AVAILABLE DATA:
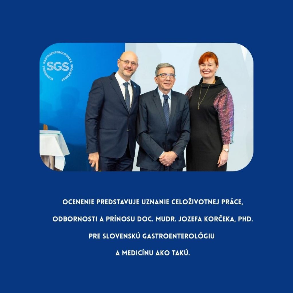 Doc. MUDr. Jozef Korček, PhD., univ. prof. bol počas odborného podujatia Gastrofórum 2026 na Štrbskom Plese ocenený Bronzovou medailou Slovenskej lekárskej spoločnosti (SLS) – ocenením Propter merita III. stupňa. Toto ocenenie je udeľované za dlhoročnú aktívnu odbornú činnosť, významný prínos pre rozvoj medicíny a budovanie odborných kontaktov. Predstavuje uznanie celoživotnej práce, odbornosti a prínosu doc. MUDr. Jozefa Korčeka, PhD. pre slovenskú gastroenterológiu a medicínu.
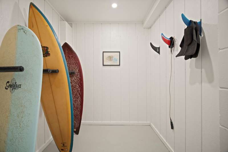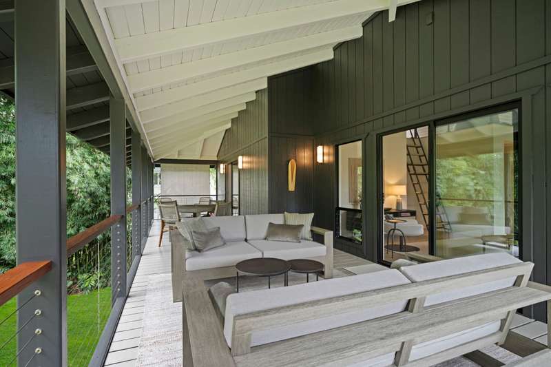 A collaborative effort by Gia Design and Rocky Mountain Hardware, the home presents a "Modern Meets Beach" aesthetic. Clean lines, natural textures, and an airy, light-filled palette are all found just one block from the world-famous Hanalei Bay.
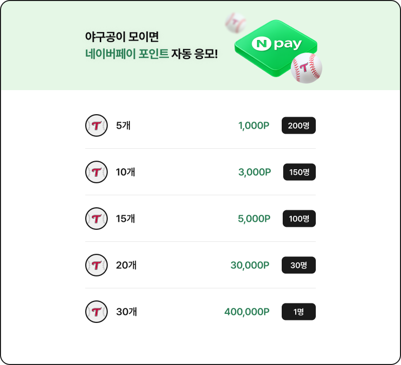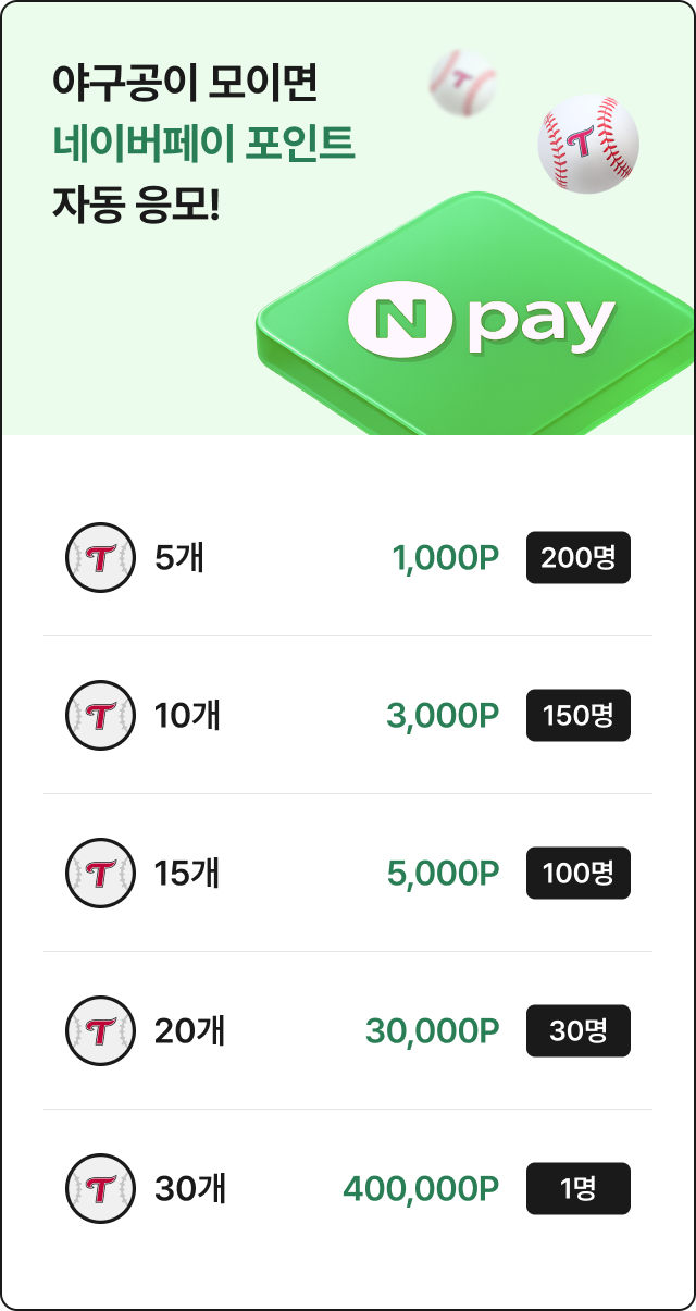 야구공이 모이면 네이버페이 포인트 자동 응모!

ABOUT THIS EXERCISE: Every line of the material above should be repeated exactly, except for the pictures.

COMPLETED EXERCISE:
 Doc. MUDr. Jozef Korček, PhD., univ. prof. bol počas odborného podujatia Gastrofórum 2026 na Štrbskom Plese ocenený Bronzovou medailou Slovenskej lekárskej spoločnosti (SLS) – ocenením Propter merita III. stupňa. Toto ocenenie je udeľované za dlhoročnú aktívnu odbornú činnosť, významný prínos pre rozvoj medicíny a budovanie odborných kontaktov. Predstavuje uznanie celoživotnej práce, odbornosti a prínosu doc. MUDr. Jozefa Korčeka, PhD. pre slovenskú gastroenterológiu a medicínu.
 A collaborative effort by Gia Design and Rocky Mountain Hardware, the home presents a "Modern Meets Beach" aesthetic. Clean lines, natural textures, and an airy, light-filled palette are all found just one block from the world-famous Hanalei Bay.
 야구공이 모이면 네이버페이 포인트 자동 응모!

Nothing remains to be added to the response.